(This is Pour 585 short film review, which is a 2019 2D animated film that is directed by Patrick Smith and published on Vimeo)
It’s been quite rare to see a short film that is entirely 2D animated in a handdrawn fashion that is similar to older cartoons in the 90s. But makes no mistake, Pour 585 is a modern short film that tackles one of the current era’s issues as its moral lesson. This short film is released just a day ago in Vimeo and is directed by Patrick Smith, produced by Kaori Ishida and with music by Leon Riskin.
Whay’s pretty impressive is the fact that this is qualified for 2018 entry into the Oscar’s short animation film category! Well, let’s pour on some wines shall we? 😉
Without further ado, we will delve into the Pour 585 short film below to see what really makes it qualified for the prestigious award. Let’s review!
There exists a world where wine glasses are alive, and everyday they have to go through a certain wine pouring ritual that determines their place into the society. But one refuses to be the same as the others, and it’s proving to be a big problem for the other wine cups…
Pour 585 Short Film Review
Alright, the premise is actually a very simple one about conformity. The film doesn’t try to be subtle about it at all. We see our main character who is afraid of being poured with wine (perhaps akin to being spoon-fed in our current educational system). He tries to resist, while the others happily accept the wine to become accepted by the others.

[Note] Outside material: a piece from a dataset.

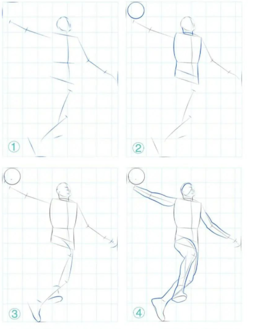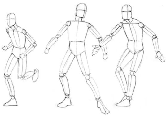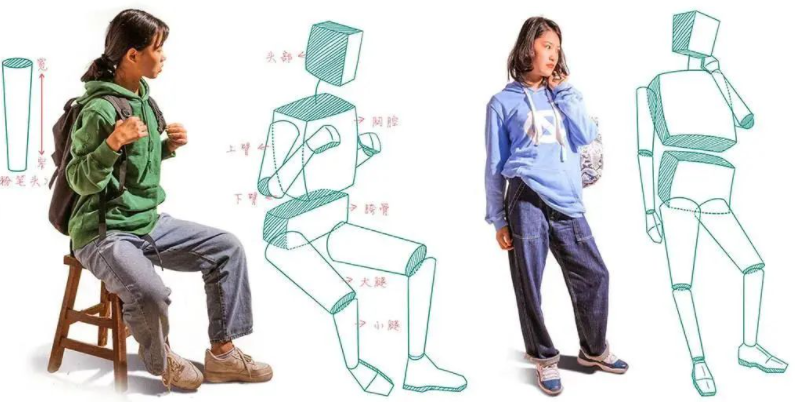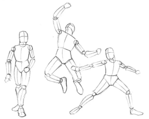 動態:動態是依靠體塊之間的旋轉與四肢關節點處的彎曲轉折產生的。我們可以利用“二橫、一豎、三體積、四肢”概括人體的動態特征。

It’s a not-so-subtle note to the big wine glass as the adults forcing thoughts/lessons into the small glasses(kids)
Honestly, I feel that this is a premise with an everlasting moral lesson that will still be true even in the far future. Being conformed is what makes us humans, and this short film makes it relatable to us. Sometimes we are only accepted by the society when we conform, just like the other wine glasses. It’s a not-so-subtle note to the big wine glass as the adults forcing thoughts/lessons into the small glasses(kids).
And the changes from a small glass to a big one is akin to the child growing up to become similar to the adults: conformity. All in all, though the premise is not original, it is still executed firmly. And the ending is kind of a twist too, as now our main character has grown up, and is forcing others to accept his own opinion/lessons. Thus the cycle continues, and it’s quite a gore and dark twist that I didn’t really expect coming from it’s bright and cheerful soundtrack.

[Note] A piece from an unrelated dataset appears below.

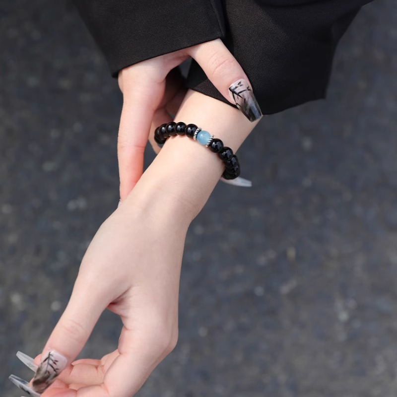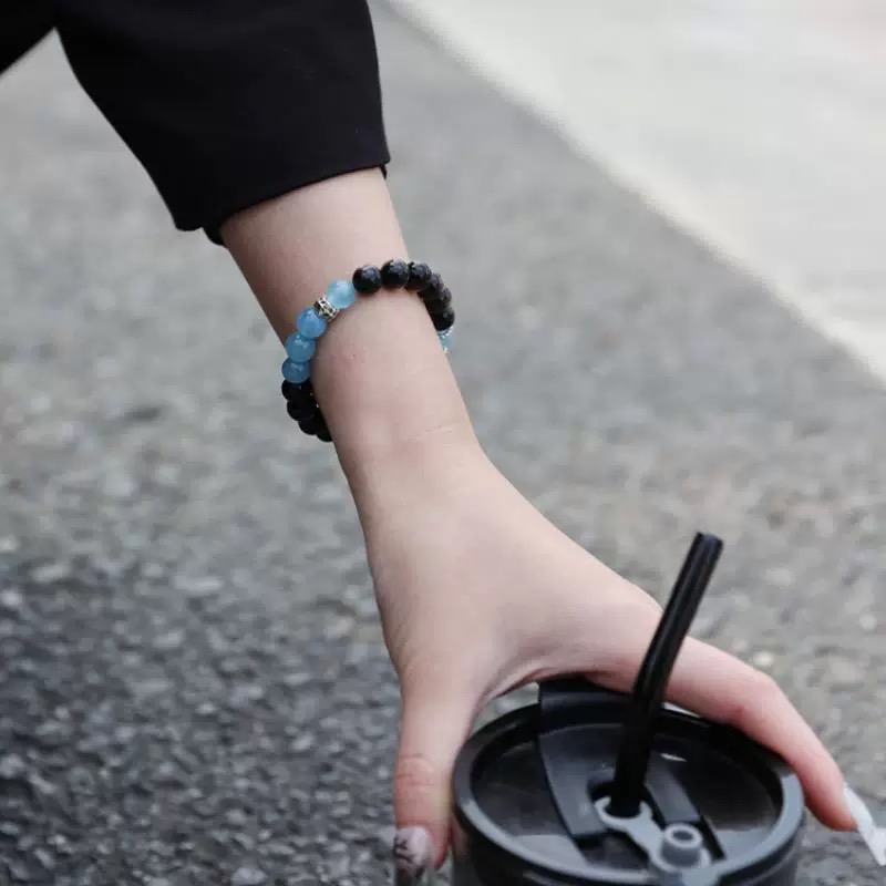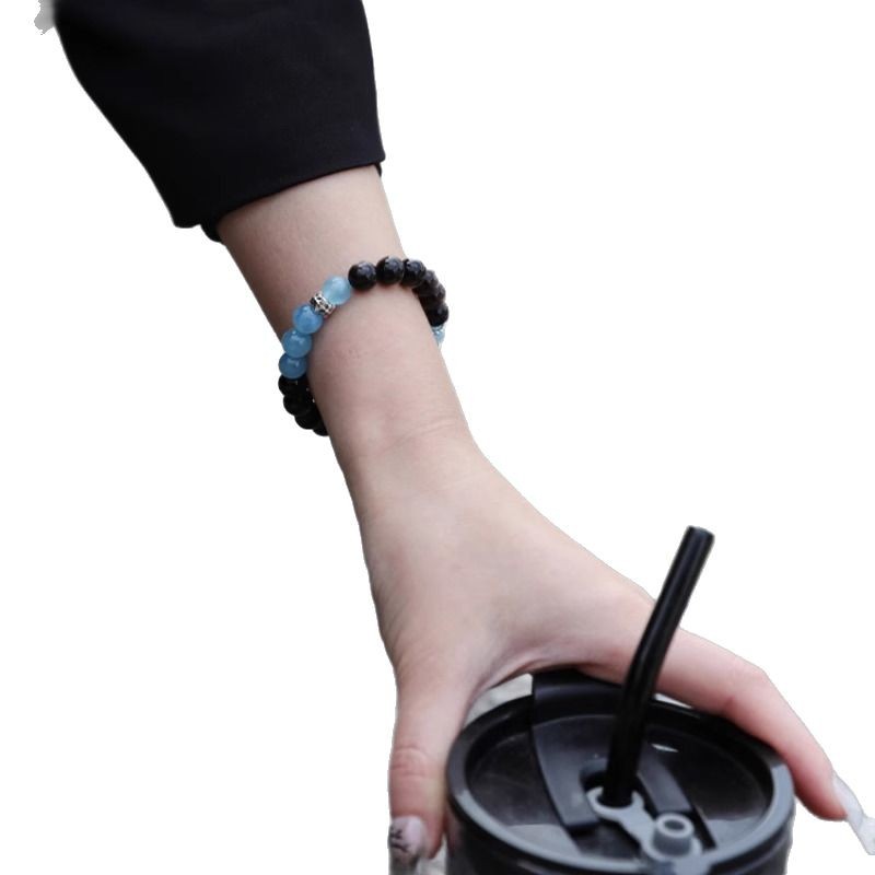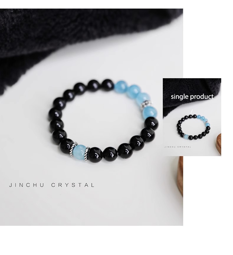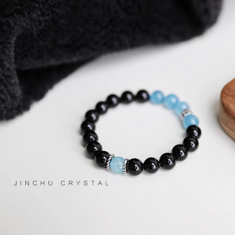 【敦煌海蓝秘境·海蓝宝黑曜石手串】黑曜石海蓝宝手串女 手链男转运珠平安水晶男生情侣小众黑曜石

Pacing wise, it’s actually perfect, as I thought it will drag the beginning, but things actually move fast! Straight away, we see the main character being poured the wine as he tries to avoid it. And the middle portion turns gory and somewhat dark too. I love the changes in the pace and do not feel that its draggy or too rushed.
As for the animation, it evokes the feeling of those old Disney cartoon in black and white.
As for the animation, it evokes the feeling of those old Disney cartoon in black and white. In fact, the beginning with its dull and grey background would no doubt be inspired by cartoons of the 80s. The thing that makes this look slightly modern is perhaps the artstyle is simpler, and the facial animation is less exaggerated.
The animation is smooth and fits with the overall atmosphere, and some small details with the liquid flowing etc is pretty impressive.
The wine glasses themselves are pretty unique in designs. For one, they have two legs instead of a single stand. And they have feet. Most importantly, the eyes and facial expressions are to the point. Our main character has a very different expressions that make him stand out from the other glasses. His behaviour etc is understandable and relatable as well.
As for the antagonist, which is the adult glass, it is not very original but does stand out with the red wine liquid. But overall I feel that it’s the main character who undergoes the most changes, from a timid glass into someone who in turn forces others to get the wine poured from him. It’s a dark transformation that makes the ending…really interesting haha.
The soundtrack is quite modern in a sense, with just simple beats unlike the ones in the 80s. It fits the mood and story though, as its simplicity goes well with the simple premise and character designs. One honourable mentions goes to the sound effects too, they are just perfect for the scenes, and help to alleviate them in better ways.